The pathogenesis of MASLD is complex and multifactorial6,7. The primary insult of excess lipid accumulation (‘substrate overload’) is followed by variable contributions from pathogenic drivers including lipotoxicity and immune-mediated inflammation, and disease progression is further enhanced or suppressed by modifiers such as genetic variants8 and gut microbiota dysbiosis9,10. Crucially, not all people with a fatty liver go on to develop adverse liver-related events or die11, but there is a critical lack of prognostic biomarkers to enable innovations in clinical care pathways and personalized approaches in MASLD. The importance of histological fibrosis in predicting outcomes in MASLD has been highlighted by several studies11,12,13, with discrete fibrosis stages dramatically influencing the risk of all-cause mortality and liver-related morbidity and mortality. Yet fibrosis progression rates and outcome prediction in patients remain uncertain, and clinical trials that have been used post hoc to understand the natural history of MASLD are limited by selection bias and rigid entry criteria14.

There are no licensed pharmacotherapies for MASLD. Numerous drugs with plausible biological targets have failed to show robust efficacy in late-phase interventional trials, especially in patients with cirrhosis15. Consequently, the field is shifting focus to combination drug regimens, and, increasingly, researchers are leveraging patient-centered big data to bolster drug discovery efforts16. However, the most efficacious drugs and therapeutic combinations to mitigate adverse clinical outcomes in MASLD remain undefined.

To address these issues and provide a resource suitable for the development of precision medicine strategies in MASLD, we established SteatoSITE: to our knowledge, the world’s first data commons17 for MASLD research. SteatoSITE integrates multimodal multiscale retrospective data at a national level from 940 cases across Scotland, consisting of quantitative histopathological assessment of archival liver tissues, hepatic bulk RNA sequencing (RNA-seq) and routine clinical data extracted from electronic health records (EHRs) and other administrative sources. Distinctively, SteatoSITE is outcome-rich, with data curated in a longitudinal time-stamped format comprising 5.67 million days of clinical follow-up, enabling translational analyses to elucidate the pathogenesis of MASLD and accelerating the discovery of potential prognostic biomarkers and tractable therapeutic targets. Here, we describe and use this unique resource, providing a comprehensive analysis of hepatic gene expression and cell-type composition across the complete MASLD spectrum by identifying transcription-factor-regulated gene networks (regulons) associated with disease progression and developing a novel transcriptome-based risk-prediction model for hepatic decompensation.

Results

Cohort composition

SteatoSITE is a secondary-care, outcome-enriched cohort of 940 cases from the three participating NHS Scotland Biorepositories (Lothian, Greater Glasgow, and Clyde and Grampian) (Fig. 1a), representing the full histological spectrum from normal liver tissue to MASLD-related cirrhosis. Demographic and phenotypic characteristics of the cohort are shown in Table 1. Cases with a liver tissue sample acquired between January 2000 and October 2019 were selected. All patients were ≥18 years of age at the tissue sampling date. Data from EHRs and national datasets were retrieved, where available, from a period between ten years before the tissue sampling date until May 2020, comprising more than 5.67 million days (or roughly 15,547 years) of comprehensive routine clinical data, and annotated patient timelines were created (Fig. 1b and Supplementary Table 1). Further detail of the temporal coverage of blood test results is shown in Supplementary Table 2. Indications for biopsy or resection on the basis of a review of the information submitted with each specimen as part of routine clinical care are shown in Supplementary Table 3. The post-tissue sampling periods for biopsies, resections and explants are shown in Extended Data Fig. 1a.

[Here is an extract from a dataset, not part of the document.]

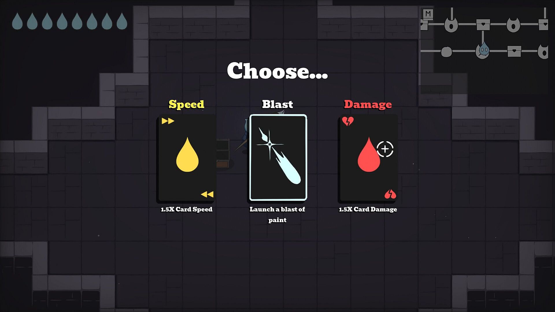 In Palette: Cards & Chaos, you play as a water spirit with a giant paintbrush, fighting through a shifting labyrinth full of danger. This top-down shooter blends fast-paced combat with a unique deckbuilding system: collect cards that represent brushstrokes and colors, then stack them to create powerful and unpredictable paintings of destruction.

Fig. 1: Clinicopathological correlations.
figure 1

a, SteatoSITE Data Commons overview. b, Schematic diagram in which horizontal lines are individual patient timelines decorated with a variable amount of multimodal data preceding or following the date of liver tissue sampling (time zero, represented by the vertical yellow line). c, Alluvial diagram illustrating the relationship between the scored histopathological features of liver samples. d,e, Kaplan–Meier time-to-event analysis with log-rank test P value for all-cause mortality (P < 0.0001) (d) and hepatic decompensation events (P < 0.0001) (e) in patients with biopsies showing early disease (fibrosis stages F0 to F2), bridging fibrosis (stage F3) and cirrhosis (stage F4). A&E, accident and emergency; SFTP, Secure File Transfer Protocol.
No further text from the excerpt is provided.